◆ Exercise aim ◆
Leave the pictures out, and repeat exactly every line from the one with "第二个环节为上岸学长学姐经验" through the end of the data below.

[Data extracted from a collection]
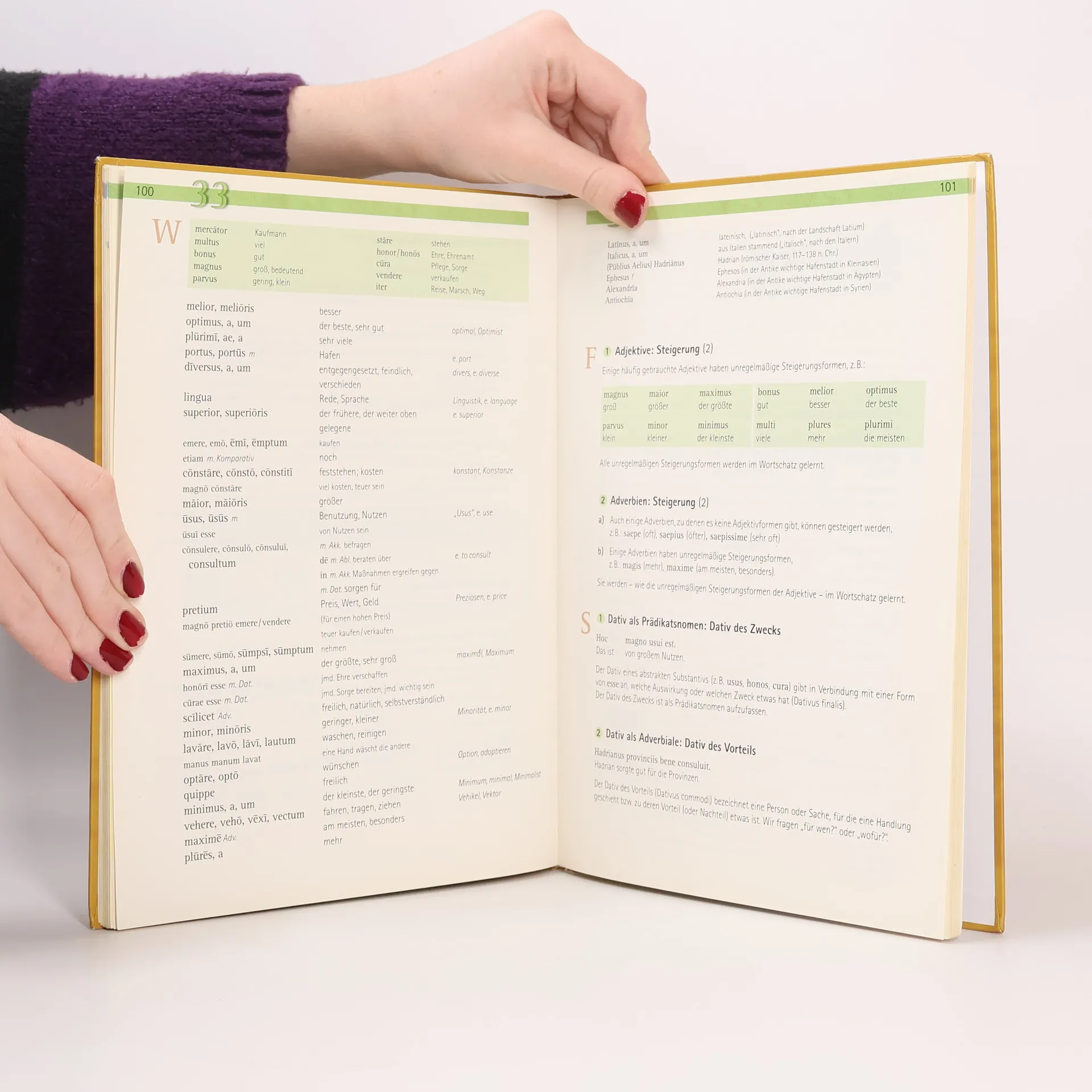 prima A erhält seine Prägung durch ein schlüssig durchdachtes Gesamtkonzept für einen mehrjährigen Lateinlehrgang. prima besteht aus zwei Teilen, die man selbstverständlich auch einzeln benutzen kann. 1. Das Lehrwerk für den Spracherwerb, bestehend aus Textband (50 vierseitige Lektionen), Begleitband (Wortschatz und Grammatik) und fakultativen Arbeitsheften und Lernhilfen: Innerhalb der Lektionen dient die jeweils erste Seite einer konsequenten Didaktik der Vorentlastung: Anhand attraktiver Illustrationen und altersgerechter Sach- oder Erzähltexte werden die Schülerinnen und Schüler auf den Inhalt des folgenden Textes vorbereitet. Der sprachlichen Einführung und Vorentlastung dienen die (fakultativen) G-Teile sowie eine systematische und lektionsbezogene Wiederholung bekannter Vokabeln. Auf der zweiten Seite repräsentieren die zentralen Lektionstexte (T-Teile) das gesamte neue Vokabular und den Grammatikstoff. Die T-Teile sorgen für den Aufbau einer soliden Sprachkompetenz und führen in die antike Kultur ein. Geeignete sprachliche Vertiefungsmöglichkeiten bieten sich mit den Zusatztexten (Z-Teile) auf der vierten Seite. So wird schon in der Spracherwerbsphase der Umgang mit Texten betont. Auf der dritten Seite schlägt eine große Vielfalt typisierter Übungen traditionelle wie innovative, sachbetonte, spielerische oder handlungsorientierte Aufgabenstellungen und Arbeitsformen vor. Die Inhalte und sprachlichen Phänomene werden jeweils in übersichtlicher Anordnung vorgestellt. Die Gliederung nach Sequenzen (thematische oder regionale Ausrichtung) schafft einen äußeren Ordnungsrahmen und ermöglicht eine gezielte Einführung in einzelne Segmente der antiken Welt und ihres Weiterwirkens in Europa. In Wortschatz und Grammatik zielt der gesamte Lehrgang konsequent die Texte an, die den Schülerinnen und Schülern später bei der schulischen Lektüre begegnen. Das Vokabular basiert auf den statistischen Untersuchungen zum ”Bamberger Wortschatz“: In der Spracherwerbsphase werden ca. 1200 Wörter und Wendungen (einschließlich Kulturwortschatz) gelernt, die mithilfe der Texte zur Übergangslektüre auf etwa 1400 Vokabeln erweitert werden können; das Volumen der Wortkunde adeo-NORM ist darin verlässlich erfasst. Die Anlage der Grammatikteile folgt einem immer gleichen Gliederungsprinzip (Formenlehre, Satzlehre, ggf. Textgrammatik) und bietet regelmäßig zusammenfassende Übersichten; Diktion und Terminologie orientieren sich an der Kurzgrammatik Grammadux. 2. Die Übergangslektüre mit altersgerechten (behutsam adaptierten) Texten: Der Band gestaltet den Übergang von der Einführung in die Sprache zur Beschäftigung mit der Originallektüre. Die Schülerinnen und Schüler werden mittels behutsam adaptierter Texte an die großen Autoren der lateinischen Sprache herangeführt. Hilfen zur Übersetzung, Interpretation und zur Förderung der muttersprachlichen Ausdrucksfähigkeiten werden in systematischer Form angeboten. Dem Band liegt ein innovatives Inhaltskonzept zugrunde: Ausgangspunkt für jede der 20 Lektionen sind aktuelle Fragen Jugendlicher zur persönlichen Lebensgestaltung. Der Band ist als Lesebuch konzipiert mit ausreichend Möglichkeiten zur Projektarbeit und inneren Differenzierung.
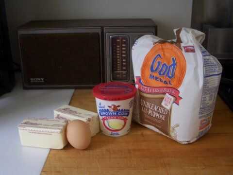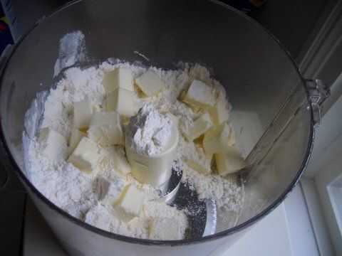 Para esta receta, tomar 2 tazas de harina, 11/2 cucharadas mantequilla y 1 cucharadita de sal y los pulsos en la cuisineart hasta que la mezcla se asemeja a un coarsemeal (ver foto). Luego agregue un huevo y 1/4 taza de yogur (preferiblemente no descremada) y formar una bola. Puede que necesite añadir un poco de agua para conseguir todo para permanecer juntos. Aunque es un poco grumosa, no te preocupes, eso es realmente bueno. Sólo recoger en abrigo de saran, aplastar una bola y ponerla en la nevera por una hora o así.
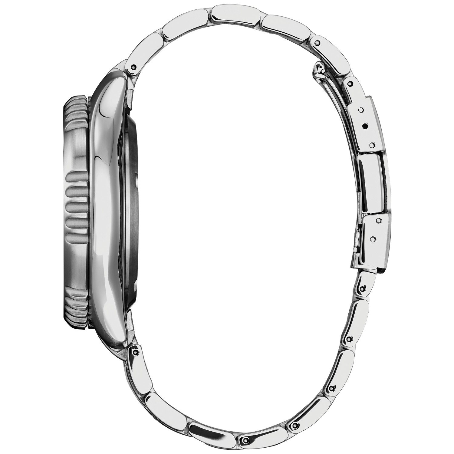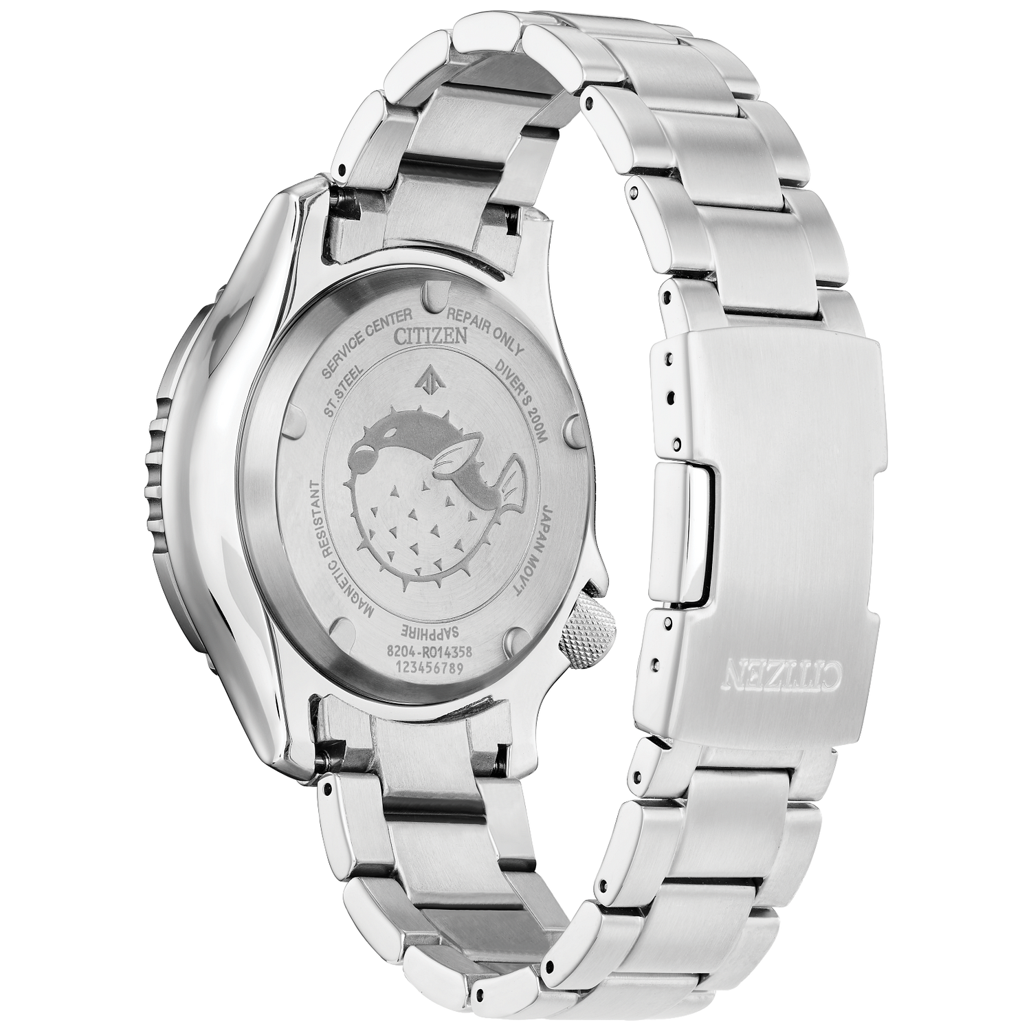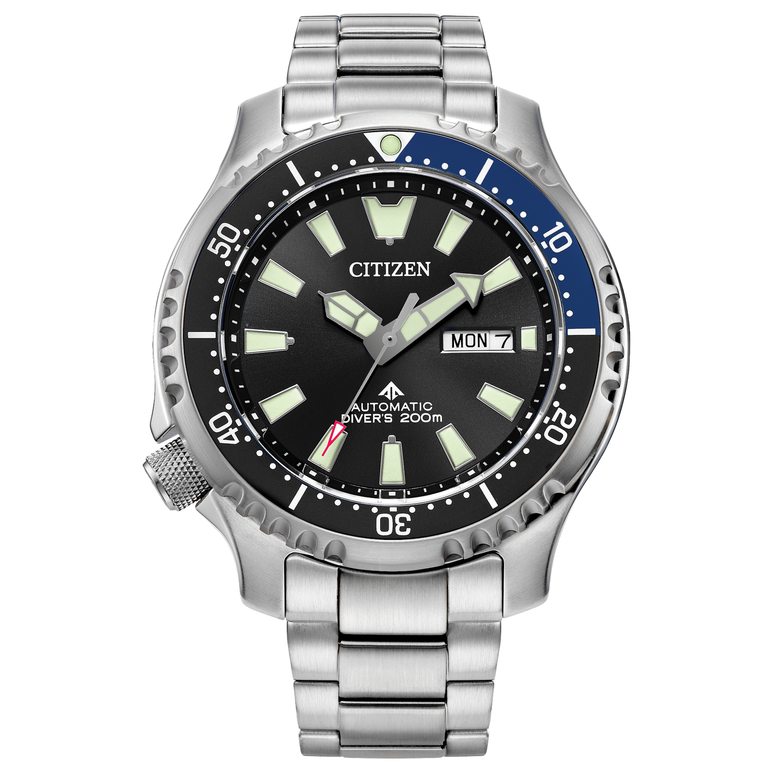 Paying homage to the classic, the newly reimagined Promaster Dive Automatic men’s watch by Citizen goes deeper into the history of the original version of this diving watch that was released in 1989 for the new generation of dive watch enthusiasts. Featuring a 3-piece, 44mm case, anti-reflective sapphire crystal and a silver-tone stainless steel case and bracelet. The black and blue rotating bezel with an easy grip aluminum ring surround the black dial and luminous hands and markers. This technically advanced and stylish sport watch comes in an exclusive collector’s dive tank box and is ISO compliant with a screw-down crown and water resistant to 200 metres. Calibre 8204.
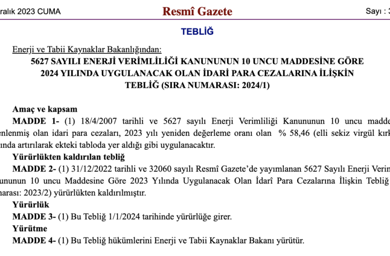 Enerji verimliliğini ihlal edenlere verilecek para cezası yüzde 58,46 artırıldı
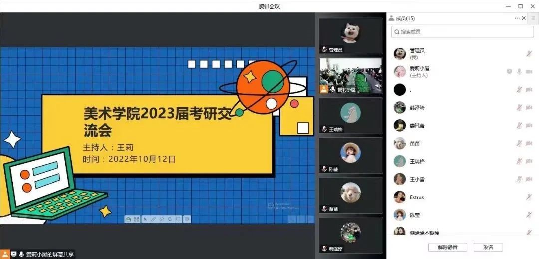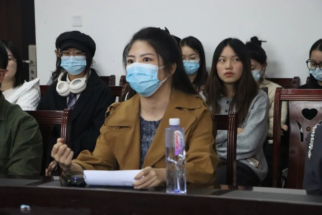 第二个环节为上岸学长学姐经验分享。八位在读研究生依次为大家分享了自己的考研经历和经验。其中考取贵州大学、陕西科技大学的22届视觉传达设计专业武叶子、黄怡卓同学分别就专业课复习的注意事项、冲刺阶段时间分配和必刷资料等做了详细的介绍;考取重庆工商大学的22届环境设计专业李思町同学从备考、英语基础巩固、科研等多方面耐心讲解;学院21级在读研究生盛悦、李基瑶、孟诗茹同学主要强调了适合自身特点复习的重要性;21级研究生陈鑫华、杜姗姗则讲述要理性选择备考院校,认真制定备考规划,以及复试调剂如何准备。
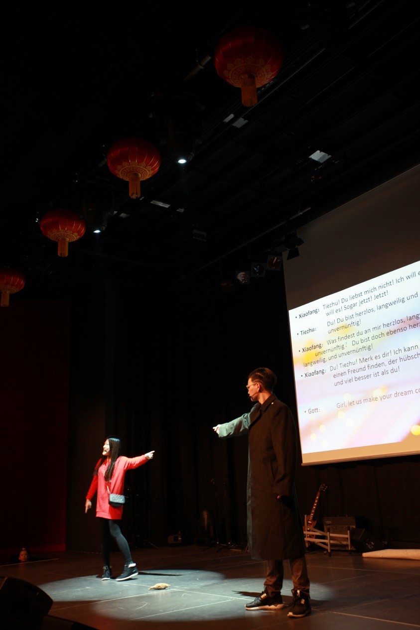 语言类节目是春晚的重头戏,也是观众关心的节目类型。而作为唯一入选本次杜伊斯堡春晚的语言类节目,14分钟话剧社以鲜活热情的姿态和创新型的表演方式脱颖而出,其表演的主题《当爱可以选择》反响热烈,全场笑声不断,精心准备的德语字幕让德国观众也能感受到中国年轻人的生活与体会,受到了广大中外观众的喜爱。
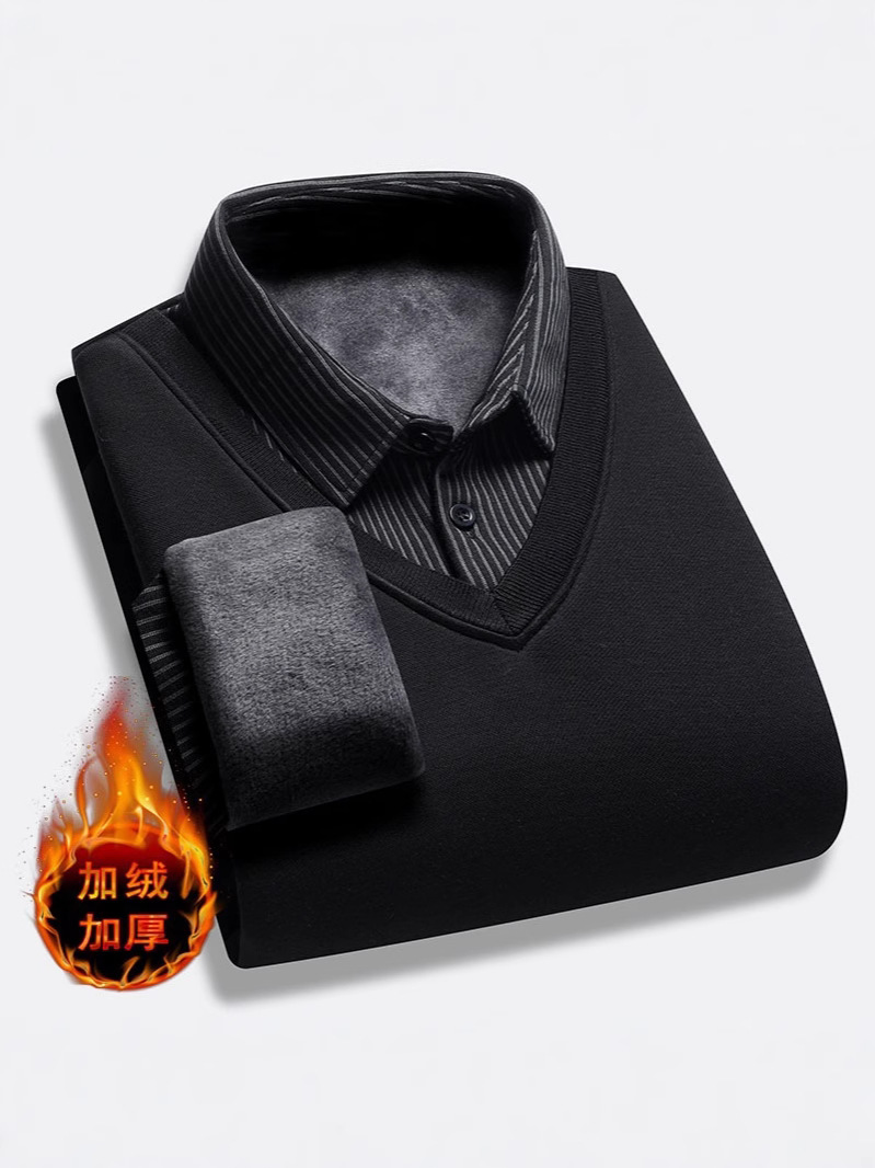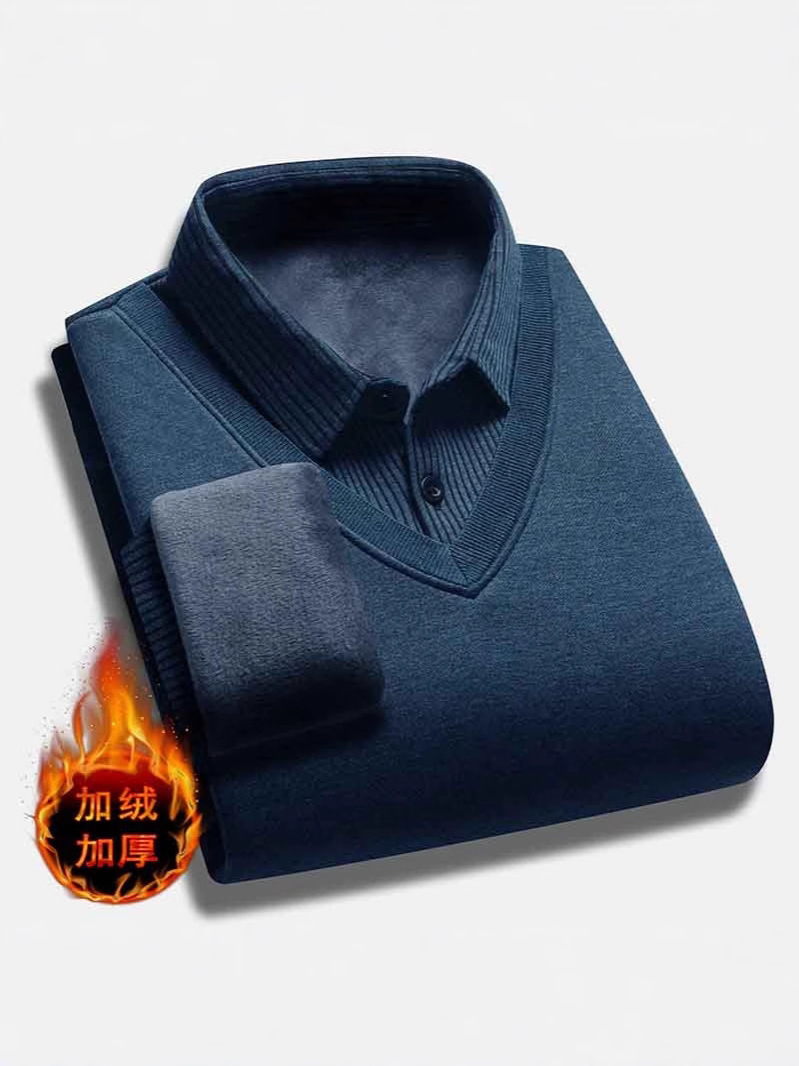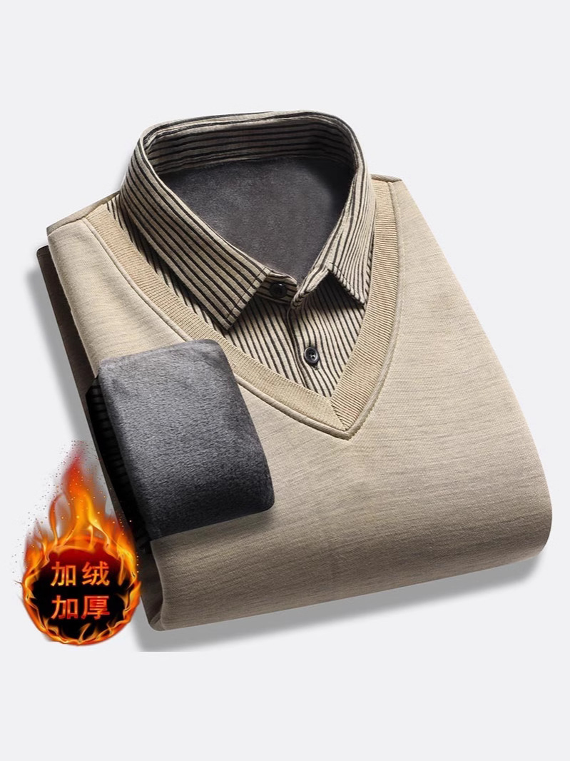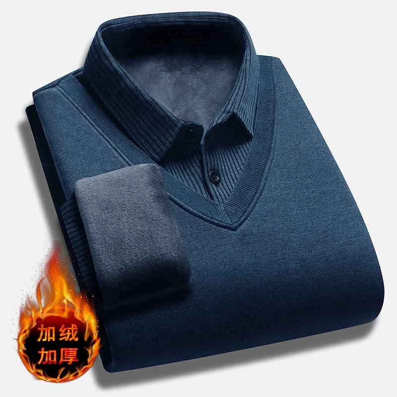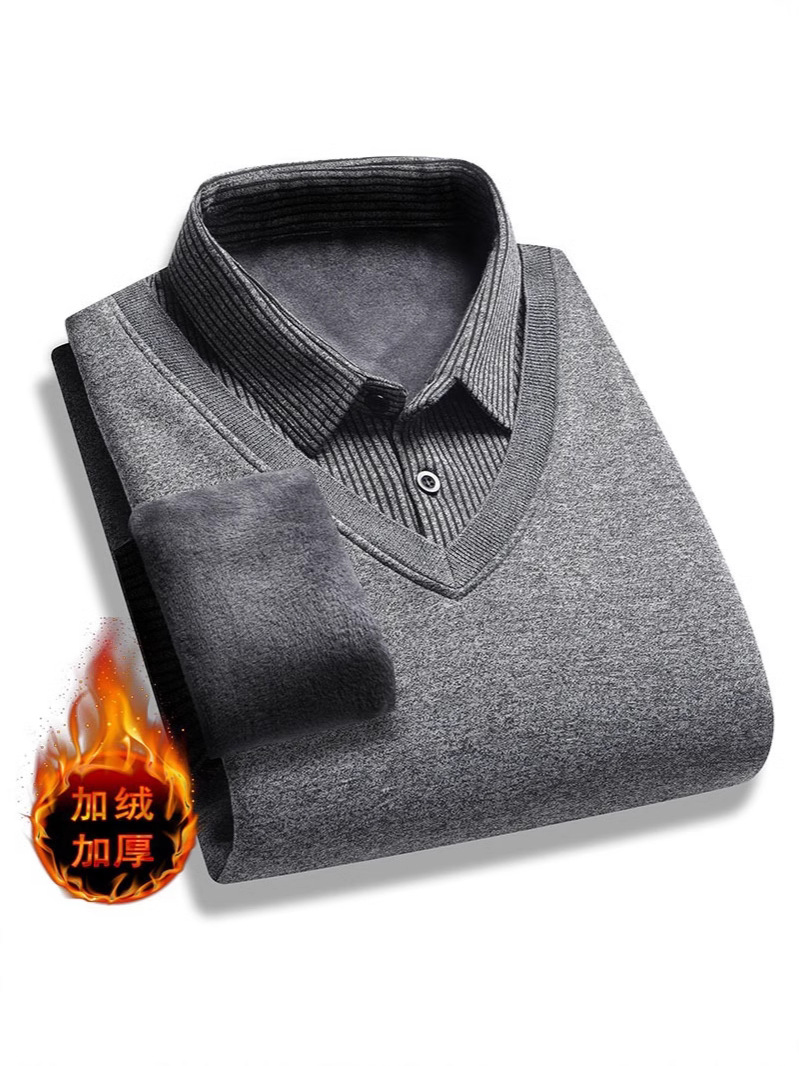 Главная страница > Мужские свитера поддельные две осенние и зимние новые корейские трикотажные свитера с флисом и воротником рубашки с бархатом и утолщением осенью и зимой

◆ Your solution ◆
 第二个环节为上岸学长学姐经验分享。八位在读研究生依次为大家分享了自己的考研经历和经验。其中考取贵州大学、陕西科技大学的22届视觉传达设计专业武叶子、黄怡卓同学分别就专业课复习的注意事项、冲刺阶段时间分配和必刷资料等做了详细的介绍;考取重庆工商大学的22届环境设计专业李思町同学从备考、英语基础巩固、科研等多方面耐心讲解;学院21级在读研究生盛悦、李基瑶、孟诗茹同学主要强调了适合自身特点复习的重要性;21级研究生陈鑫华、杜姗姗则讲述要理性选择备考院校,认真制定备考规划,以及复试调剂如何准备。
 语言类节目是春晚的重头戏,也是观众关心的节目类型。而作为唯一入选本次杜伊斯堡春晚的语言类节目,14分钟话剧社以鲜活热情的姿态和创新型的表演方式脱颖而出,其表演的主题《当爱可以选择》反响热烈,全场笑声不断,精心准备的德语字幕让德国观众也能感受到中国年轻人的生活与体会,受到了广大中外观众的喜爱。
 Главная страница > Мужские свитера поддельные две осенние и зимние новые корейские трикотажные свитера с флисом и воротником рубашки с бархатом и утолщением осенью и зимой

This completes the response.